* Task goal
Repeat only the stretch of lines below that runs from the line with "Sertifikalı Mavi Çift" through the line with "Bundespräsident Johannes Rau", unaltered.

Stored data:

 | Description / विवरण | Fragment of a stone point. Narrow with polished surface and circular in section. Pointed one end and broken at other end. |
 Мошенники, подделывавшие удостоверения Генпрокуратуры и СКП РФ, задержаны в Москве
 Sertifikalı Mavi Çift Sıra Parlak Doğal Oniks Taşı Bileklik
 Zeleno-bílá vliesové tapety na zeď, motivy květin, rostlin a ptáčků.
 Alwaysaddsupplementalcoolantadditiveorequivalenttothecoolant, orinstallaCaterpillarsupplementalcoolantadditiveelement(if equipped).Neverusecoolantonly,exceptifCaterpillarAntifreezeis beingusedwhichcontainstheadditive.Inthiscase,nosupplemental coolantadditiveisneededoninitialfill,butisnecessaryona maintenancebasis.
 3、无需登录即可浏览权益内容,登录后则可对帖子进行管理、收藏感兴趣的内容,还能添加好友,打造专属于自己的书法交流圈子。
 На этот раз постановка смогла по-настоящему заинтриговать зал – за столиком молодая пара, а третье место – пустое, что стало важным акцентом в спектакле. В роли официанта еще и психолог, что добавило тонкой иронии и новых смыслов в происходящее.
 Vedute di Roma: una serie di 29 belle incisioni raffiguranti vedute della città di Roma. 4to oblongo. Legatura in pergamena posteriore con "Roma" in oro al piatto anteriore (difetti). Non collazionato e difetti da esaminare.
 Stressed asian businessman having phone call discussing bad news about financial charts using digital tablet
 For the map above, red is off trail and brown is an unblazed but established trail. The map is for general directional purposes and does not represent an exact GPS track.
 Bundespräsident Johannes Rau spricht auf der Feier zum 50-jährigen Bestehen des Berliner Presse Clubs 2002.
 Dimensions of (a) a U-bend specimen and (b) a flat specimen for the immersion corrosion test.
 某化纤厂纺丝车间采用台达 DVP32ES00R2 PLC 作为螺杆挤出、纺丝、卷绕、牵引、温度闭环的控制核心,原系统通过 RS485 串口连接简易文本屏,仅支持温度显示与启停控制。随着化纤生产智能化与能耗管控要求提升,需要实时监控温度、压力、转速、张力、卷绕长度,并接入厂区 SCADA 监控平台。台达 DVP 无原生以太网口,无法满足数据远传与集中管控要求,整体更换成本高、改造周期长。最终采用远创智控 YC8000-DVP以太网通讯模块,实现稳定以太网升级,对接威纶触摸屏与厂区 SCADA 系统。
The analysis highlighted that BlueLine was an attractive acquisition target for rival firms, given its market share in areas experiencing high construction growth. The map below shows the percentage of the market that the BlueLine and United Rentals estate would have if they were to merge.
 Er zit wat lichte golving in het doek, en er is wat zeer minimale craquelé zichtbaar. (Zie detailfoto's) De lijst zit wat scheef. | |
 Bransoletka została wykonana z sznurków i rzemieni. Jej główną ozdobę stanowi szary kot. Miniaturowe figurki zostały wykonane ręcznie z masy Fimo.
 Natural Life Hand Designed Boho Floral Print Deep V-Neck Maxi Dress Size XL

* Exercise output
 Sertifikalı Mavi Çift Sıra Parlak Doğal Oniks Taşı Bileklik
 Zeleno-bílá vliesové tapety na zeď, motivy květin, rostlin a ptáčků.
 Alwaysaddsupplementalcoolantadditiveorequivalenttothecoolant, orinstallaCaterpillarsupplementalcoolantadditiveelement(if equipped).Neverusecoolantonly,exceptifCaterpillarAntifreezeis beingusedwhichcontainstheadditive.Inthiscase,nosupplemental coolantadditiveisneededoninitialfill,butisnecessaryona maintenancebasis.
 3、无需登录即可浏览权益内容,登录后则可对帖子进行管理、收藏感兴趣的内容,还能添加好友,打造专属于自己的书法交流圈子。
 На этот раз постановка смогла по-настоящему заинтриговать зал – за столиком молодая пара, а третье место – пустое, что стало важным акцентом в спектакле. В роли официанта еще и психолог, что добавило тонкой иронии и новых смыслов в происходящее.
 Vedute di Roma: una serie di 29 belle incisioni raffiguranti vedute della città di Roma. 4to oblongo. Legatura in pergamena posteriore con "Roma" in oro al piatto anteriore (difetti). Non collazionato e difetti da esaminare.
 Stressed asian businessman having phone call discussing bad news about financial charts using digital tablet
 For the map above, red is off trail and brown is an unblazed but established trail. The map is for general directional purposes and does not represent an exact GPS track.
 Bundespräsident Johannes Rau spricht auf der Feier zum 50-jährigen Bestehen des Berliner Presse Clubs 2002.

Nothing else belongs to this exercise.